大概是蹲得有些久了,葉青洲猛地站起身時,顯然一陣重心不穩。

“小心。”羅艽輕扶了下,才見對方脊背微彎,衣衫單薄,亦不甚平整。

薄衫低垂,露出些許肩背,全是少年人獨有的纖瘦白皙。

羅艽想也沒想,二話不說脫下外袍,罩在蜷縮成一團的葉青洲身上。“……對不起。方才是我大意疏忽,落進了棕熊的幻境。”

羅艽垂眸,幾句解釋了先前情景。

“可是,師姐為什麽要道歉呢?”葉青洲攥著羅艽外袍,訥訥地盯住羅艽神色,“這並非師姐的錯。”

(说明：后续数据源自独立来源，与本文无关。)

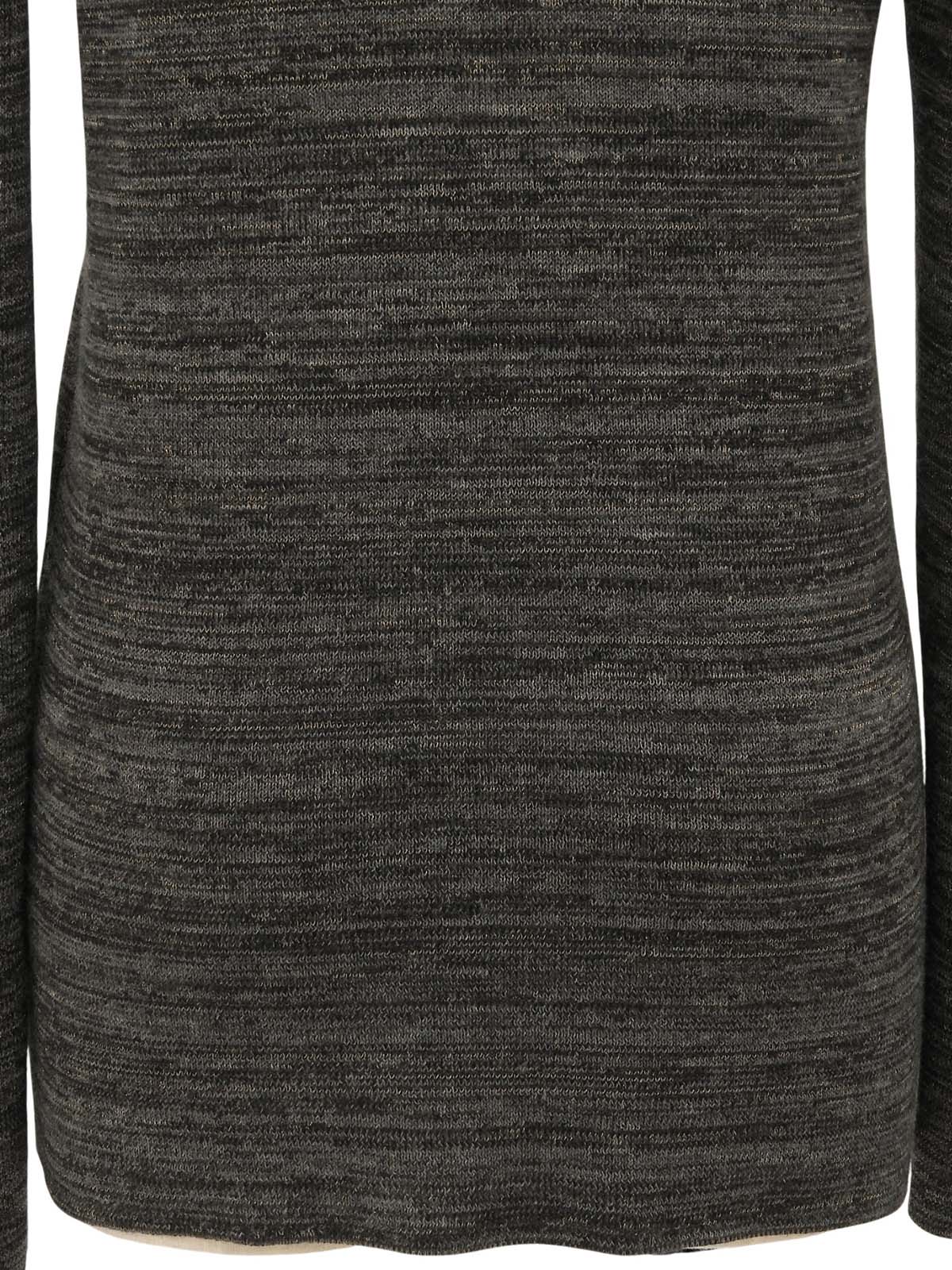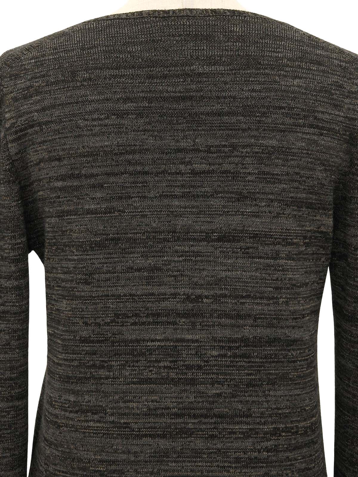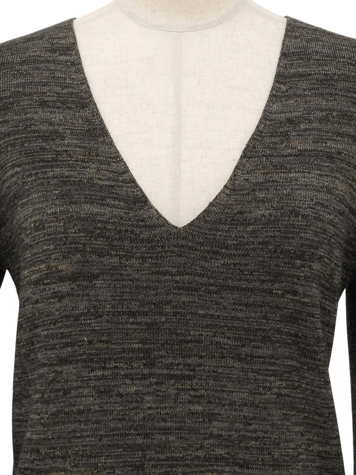 灰色V领针织衫,饰有品牌标志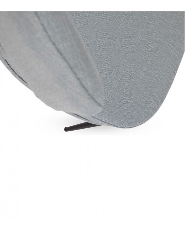 Assise 55 × 49 cm à 44 cm du sol. Mousse assise 25 kg/m³. Armature métal noir. Tissu 100% polyester bleu ciel. 70 × 68 × H72 cm. 7 kg. Structure légère qui facilite le déplacement.

羅艽聞言一楞,苦笑著望向葉青洲,只問,“剛才很害怕吧?後山寂寥,你又找不到我。”

葉青洲搖搖頭,輕抿著唇,繼而彎眉一笑,“我找不到師姐,但師姐會來找我啊!”

羅艽皺眉:“真不害怕?”

葉青洲靠著羅艽肩膀,重重搖了頭。“不怕。”

“啊,這麽坦然?”羅艽忽而一挑眉,“那你方才哭什麽?”

話音未落,不等葉青洲再開口,羅艽一手扶著葉青洲後背,另一手朝下捉住她脛骨,將人打橫抱在身前。

“啊——師、師姐!”葉青洲在她懷裏像只小魚,羞紅了臉道,“師姐,放,放我下來!”

“好吧,好吧。”羅艽假意答應,作勢要將手一松——

葉青洲又是一聲驚呼,“嗷嗚”一聲閉上眼,把羅艽抱得更緊。

羅艽明知故問:“不是你叫我放你下去?”

葉青洲是面頰紅到耳垂、耳垂紅到脖子根,緊緊捂著臉,在羅艽懷裏一動不動。

羅艽又問:“到底下不下來嘛。”

葉青洲把臉埋進羅艽頸窩,“不,不了……”

羅艽這才不疾不徐走出幾步。

只心道,先前說青洲是條小魚,還真是沒錯;抱在懷裏輕飄飄、濕漉漉,啊,還總眼淚汪汪。

看來還不是普通的小魚。是南海泣淚成珠的小鮫。

走出許多路,月色下,葉青洲忽而擦了擦臉,終於穩了神,才又有點不好意思地瞧了眼羅艽,赧然道:“師姐,我……要不然,你,你還是放我下來吧。我身上濕,你抱著我,你也、也會受涼的。”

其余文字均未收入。